This report contains aggregated drug side effects and adverse events for Sandostatin Lar. The data has been pulled from the United States Food and Drug Administration's (US FDA) Adverse Event Reporting System (AERS), a database containing more than 4,000,000 adverse event reports.

DrugCite expands your query using the Unified Medical Language System (UMLS) to include generic drugs and primary active ingredients. While the core of DrugCite's advanced drug filtering algorithm is based on the industry standard UMLS, DrugCite's proprietary filtering system also includes dozens of additional steps to reconcile malformed drug names in the FDA's data.

DrugCite only counts a drug if the submitter of the adverse event indicates that the drug is suspected to have caused the adverse event.

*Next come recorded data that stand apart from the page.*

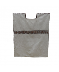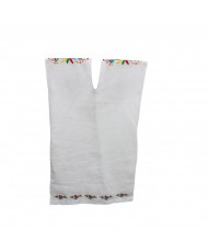 El Huipil de Tenango, confeccionado en lino y bordado en algodón está adornado con bordados en puntada de pata de gallo, que destaca por sus tonalidades multicolor. En el centro superior, un majestuoso diseño de un ave simboliza libertad y conexión con el mundo espiritual, mientras que flores en tonalidades multicolor decoran sutilmente tanto la parte superior como la inferior del huipil, evocando la fertilidad y la belleza de la naturaleza. Estos bordados no son solo decorativos, sino que tienen un profundo significado cultural, ya que reflejan la cosmovisión y tradiciones de la comunidad otomí de Tenango de Doria, Hidalgo.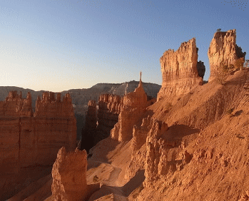 微妙に変化することから「ピンク・クリフ」とも侵食されてきた結果できた、いくつもの小峡谷によって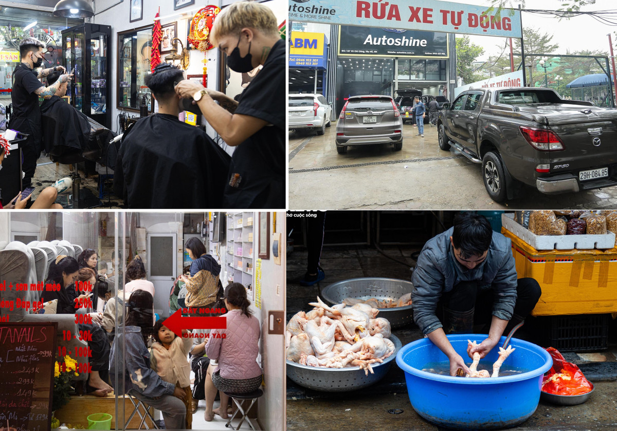 Anh Nguyễn Thiện, chủ một cửa hàng cắt tóc trên đường Lương Định Của (quận Đống Đa, Hà Nội) cho biết: "Những ngày thường, cửa hàng của tôi hoạt động từ 9h đến 19h nhưng những ngày giáp Tết, tôi phải tăng thời gian lên, từ 7h đến 12h đêm, riêng ngày giao thừa thì đóng cửa sớm hơn chút, khoảng 22h. Do lượng khách quá đông nên tôi chỉ dám nhận lịch của những khách đã đặt trước và không dám nhận thêm".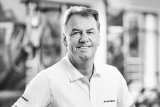 Ein Mann steht neben einem E-Bike in einem Montageständer. In der Hand hält er einen Laptop, der über Kabeln mit dem Rad verbunden ist.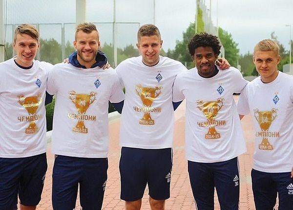 "Начинаем празднование чемпионства Украины сезона 2014/2015 в памятных футболках", - подписал фото Бетао.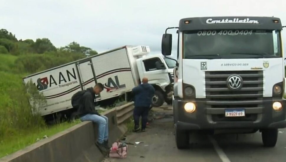 Um acidente envolvendo um caminhão baú deixa o trânsito da BR-376, no sentido Interior – Curitiba com uma faixa bloqueada, na manhã desta quarta-feira (27). O caminhoneiro foi fechado por um colega de profissão e precisou jogar o veículo para o acostamento. Por sorte ninguém ficou ferido, mas o trânsito no quilômetro 116, logo no cruzamento com a BR-277, está com meia pista. O acidente ocorreu nas proximidades de Campo Largo, na região metropolitana de Curitiba.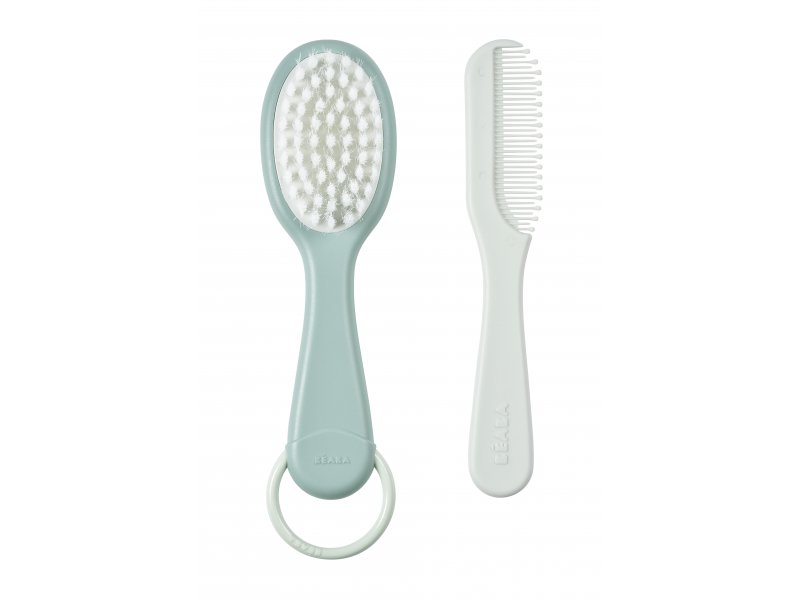 Sada pro péči o vlásky vašeho dítěte od narození obsahuje kartáč s měkkými štětinami a hřebínek se zaoblenými zuby. Ergonomický tvar kartáče i hřebene usnadňuje rodiči uchopení.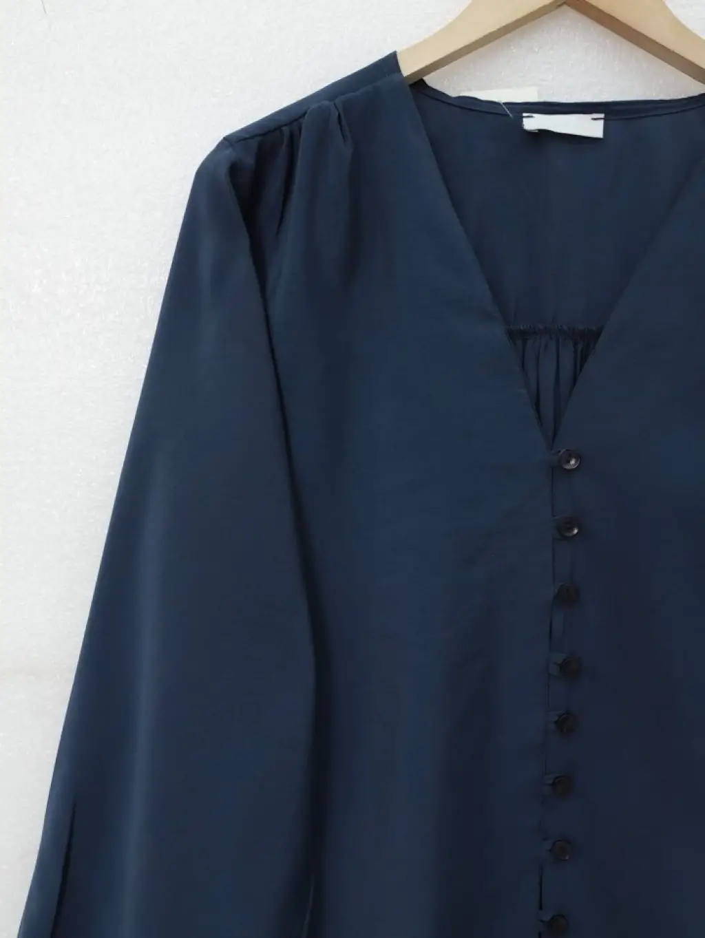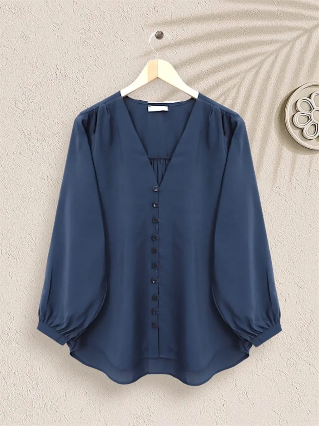 V Yaka Düğmeli Arkası Uzun Gömlek -Laci

Depending on how the data is aggregated, different counts may occur. When someone submits an adverse event to the FDA, the submitter can attribute multiple adverse events to one or more drugs. For example, an individual taking Paxil could submit the adverse events "anxiety" and "suicidal ideation" for the same individual safety report (ISR). This means when DrugCite aggregates by adverse event, two distinct adverse events are counted in the adverse event graph; once for "anxiety" and again for "suicidal ideation". However, when DrugCite aggregates by individual safety reports irrespective of the details of the adverse events contained within the safety report, the report is only counted once.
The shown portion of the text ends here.